Bringing Buddhist Studies into the modern world is the subject of an interview – published today in the New York Times – with Robert Y. C. Ho, chairman of a charity funding such efforts.
In the West, the Times reports, the Robert H. N. Ho Family Foundation “has given endowments for Buddhist programs at Harvard University, Stanford University and the Courtauld Institute of Art in London. In May, it gave a $1.9 million grant to the American Council of Learned Societies for the research and teaching of Buddhist studies.” The purpose of such largesse? Robert Ho explains:
“Generally speaking, Buddhist studies in higher institutions have been archaic and old-fashioned, in the sense that it’s mostly text-based, where we have scholars who are experts in Pali, Sanskrit, classical Chinese, Japanese, old languages. They read these texts and they talk about them. A lot of time, it’s not really related to what happens in the real world.

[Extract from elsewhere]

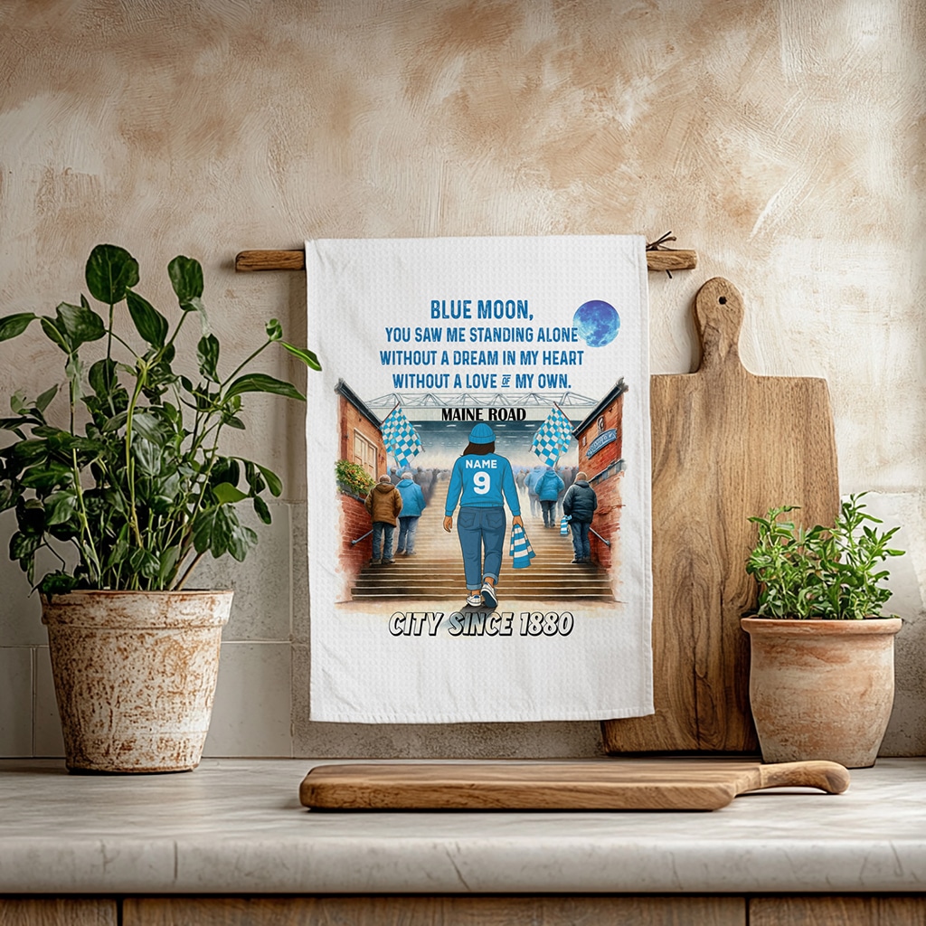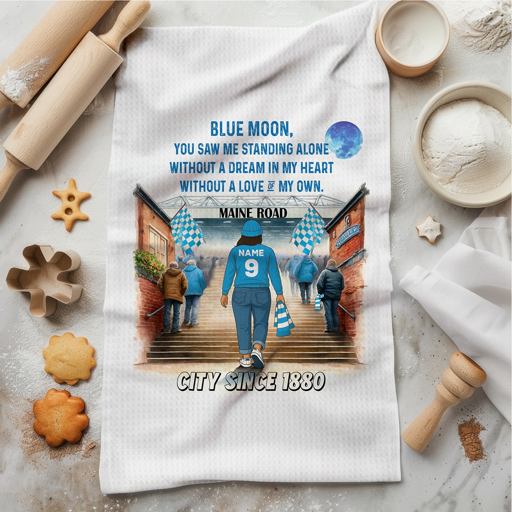 Women’s Football Man City Personalised Kitchen Tea Towel SFC131

“But a lot of younger scholars are pushing into new areas, like studying about Buddhism and politics, Buddhism and the environment, conflict resolution, Buddhism and psychology, things like that, and how they manifest in the world. Most of our grants are geared toward the area which is Buddhism in the contemporary world. This is the area we want to push, to advance the field, to make it relevant to the contemporary audiences.”